### WORK REQUEST
Your task is to transcribe the lines from the start of the data below through the line containing "英超本轮焦点战,曼城主场0-0战平阿森纳。", inclusive, exactly as they stand and without the pictures.

### GIVEN MATERIAL
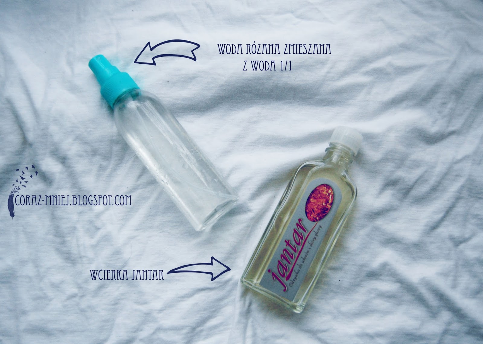 Ponadto do mojej pielęgnacji dorzucam jeszcze wcierkę Jantar, której niestety w tym miesiącu nie używałam zbyt często. Kompletne wypadło mi z głowy wcieranie, przede wszystkim przez wyjazd i jak wróciłam wyleciała mi z głowy żeby do niej wrócić. Poprawię się w tym miesiącu bo wiem, że daje efekty. Jeżeli chodzi zaś o wodę różaną, przeczytałam o tym na blogu Anwen przy okazji posta o jakiejś masce. Ja podobnie psikam włosy wodą różaną zmieszaną ze zwykłą wodą przed nałożeniem maski w celu nawilżenia.
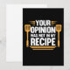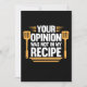 Your Opinion Not In Recipe Cook Chef Cooking Thank You Card
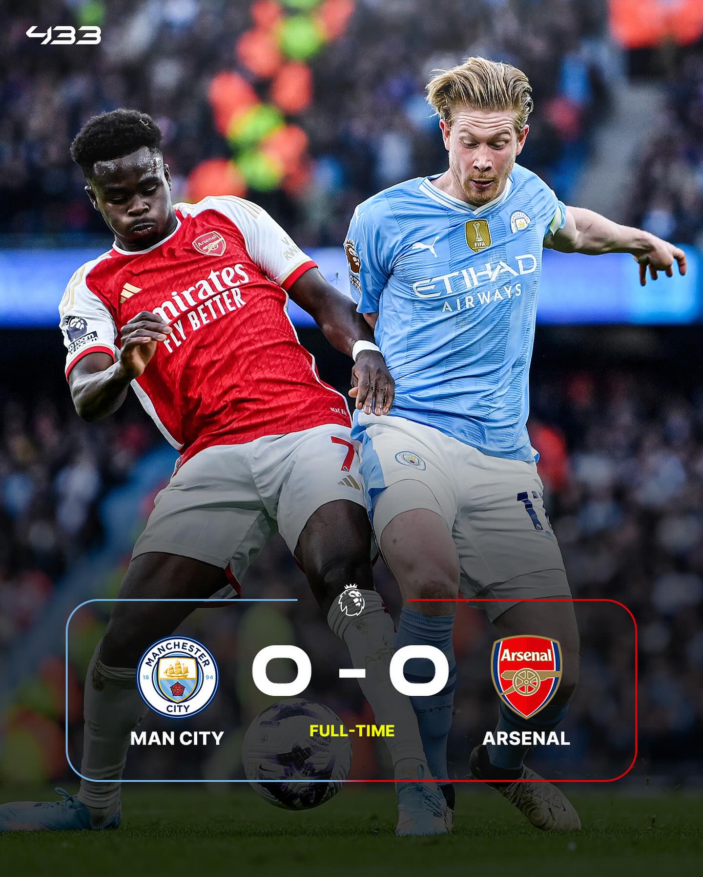 英超本轮焦点战,曼城主场0-0战平阿森纳。
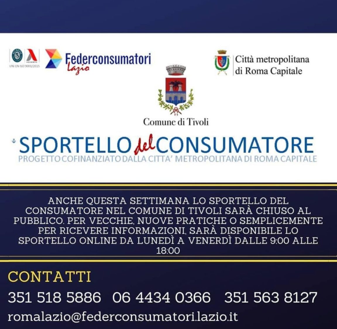 Lo sportello del consumatore, progetto cofinanziato dalla città metropolitana di Roma Capitale, informa che lo sportello di Tivoli anche questa settimana sarà chiuso al pubblico. Per vecchie e nuove pratiche, o semplicemente per ricevere informazioni, sarà disponibile lo sportello online dal lunedì al venerdì, dalle 9 alle 18.

### RESPONSE BOX
 Ponadto do mojej pielęgnacji dorzucam jeszcze wcierkę Jantar, której niestety w tym miesiącu nie używałam zbyt często. Kompletne wypadło mi z głowy wcieranie, przede wszystkim przez wyjazd i jak wróciłam wyleciała mi z głowy żeby do niej wrócić. Poprawię się w tym miesiącu bo wiem, że daje efekty. Jeżeli chodzi zaś o wodę różaną, przeczytałam o tym na blogu Anwen przy okazji posta o jakiejś masce. Ja podobnie psikam włosy wodą różaną zmieszaną ze zwykłą wodą przed nałożeniem maski w celu nawilżenia.
 Your Opinion Not In Recipe Cook Chef Cooking Thank You Card
 英超本轮焦点战,曼城主场0-0战平阿森纳。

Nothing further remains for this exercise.